* Aim of the exercise *
The answer must be every line from the listing that holds the string "length".

* Exercise material *
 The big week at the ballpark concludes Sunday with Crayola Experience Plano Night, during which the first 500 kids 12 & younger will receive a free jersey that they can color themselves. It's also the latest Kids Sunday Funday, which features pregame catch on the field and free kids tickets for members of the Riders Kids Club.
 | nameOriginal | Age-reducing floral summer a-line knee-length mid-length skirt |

---

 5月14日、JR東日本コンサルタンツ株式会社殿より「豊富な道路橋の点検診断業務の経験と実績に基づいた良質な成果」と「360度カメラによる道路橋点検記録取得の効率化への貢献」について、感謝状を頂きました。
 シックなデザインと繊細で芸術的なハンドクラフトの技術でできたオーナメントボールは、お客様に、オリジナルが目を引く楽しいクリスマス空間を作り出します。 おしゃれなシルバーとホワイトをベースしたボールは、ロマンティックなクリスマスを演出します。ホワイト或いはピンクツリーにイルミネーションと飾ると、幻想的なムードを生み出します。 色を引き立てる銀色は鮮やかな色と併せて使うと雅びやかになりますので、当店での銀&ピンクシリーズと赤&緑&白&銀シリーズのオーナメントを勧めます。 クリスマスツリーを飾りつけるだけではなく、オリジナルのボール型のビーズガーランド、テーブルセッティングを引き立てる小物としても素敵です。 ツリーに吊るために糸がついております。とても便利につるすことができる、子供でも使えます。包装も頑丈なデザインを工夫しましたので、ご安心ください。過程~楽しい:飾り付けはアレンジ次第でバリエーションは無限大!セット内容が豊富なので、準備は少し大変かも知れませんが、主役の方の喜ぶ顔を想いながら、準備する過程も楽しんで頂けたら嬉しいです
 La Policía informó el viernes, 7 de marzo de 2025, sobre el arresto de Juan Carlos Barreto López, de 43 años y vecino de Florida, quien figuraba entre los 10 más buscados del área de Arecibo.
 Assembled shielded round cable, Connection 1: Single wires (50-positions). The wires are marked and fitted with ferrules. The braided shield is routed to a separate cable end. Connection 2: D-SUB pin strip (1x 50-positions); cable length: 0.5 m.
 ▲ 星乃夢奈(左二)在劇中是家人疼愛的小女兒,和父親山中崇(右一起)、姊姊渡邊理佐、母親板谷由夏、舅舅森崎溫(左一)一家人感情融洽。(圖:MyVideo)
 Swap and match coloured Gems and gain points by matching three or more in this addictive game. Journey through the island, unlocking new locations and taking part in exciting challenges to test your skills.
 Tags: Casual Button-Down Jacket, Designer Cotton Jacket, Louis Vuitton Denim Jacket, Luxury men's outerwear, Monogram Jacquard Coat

* * *

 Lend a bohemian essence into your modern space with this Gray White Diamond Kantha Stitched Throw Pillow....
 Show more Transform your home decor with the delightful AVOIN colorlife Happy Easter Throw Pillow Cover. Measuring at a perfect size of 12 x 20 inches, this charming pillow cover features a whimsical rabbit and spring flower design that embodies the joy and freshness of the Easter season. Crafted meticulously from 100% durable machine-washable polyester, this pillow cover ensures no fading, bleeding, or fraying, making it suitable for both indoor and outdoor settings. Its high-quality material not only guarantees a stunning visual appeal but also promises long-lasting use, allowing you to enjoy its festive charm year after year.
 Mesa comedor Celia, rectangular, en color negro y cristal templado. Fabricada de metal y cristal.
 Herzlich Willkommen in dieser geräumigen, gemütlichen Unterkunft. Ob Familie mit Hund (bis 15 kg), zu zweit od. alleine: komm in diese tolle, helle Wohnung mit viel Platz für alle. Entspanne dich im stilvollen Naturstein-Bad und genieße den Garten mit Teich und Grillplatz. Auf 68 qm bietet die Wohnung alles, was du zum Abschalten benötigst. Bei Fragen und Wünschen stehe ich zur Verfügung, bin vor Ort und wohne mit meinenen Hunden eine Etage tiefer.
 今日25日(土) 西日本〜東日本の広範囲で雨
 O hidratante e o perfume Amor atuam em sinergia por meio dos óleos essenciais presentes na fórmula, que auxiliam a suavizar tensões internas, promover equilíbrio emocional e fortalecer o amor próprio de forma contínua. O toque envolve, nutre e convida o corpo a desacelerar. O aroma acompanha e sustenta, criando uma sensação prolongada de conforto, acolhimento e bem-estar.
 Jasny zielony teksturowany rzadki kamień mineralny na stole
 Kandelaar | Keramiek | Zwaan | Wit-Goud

* Written answer *
 | nameOriginal | Age-reducing floral summer a-line knee-length mid-length skirt |
 Assembled shielded round cable, Connection 1: Single wires (50-positions). The wires are marked and fitted with ferrules. The braided shield is routed to a separate cable end. Connection 2: D-SUB pin strip (1x 50-positions); cable length: 0.5 m.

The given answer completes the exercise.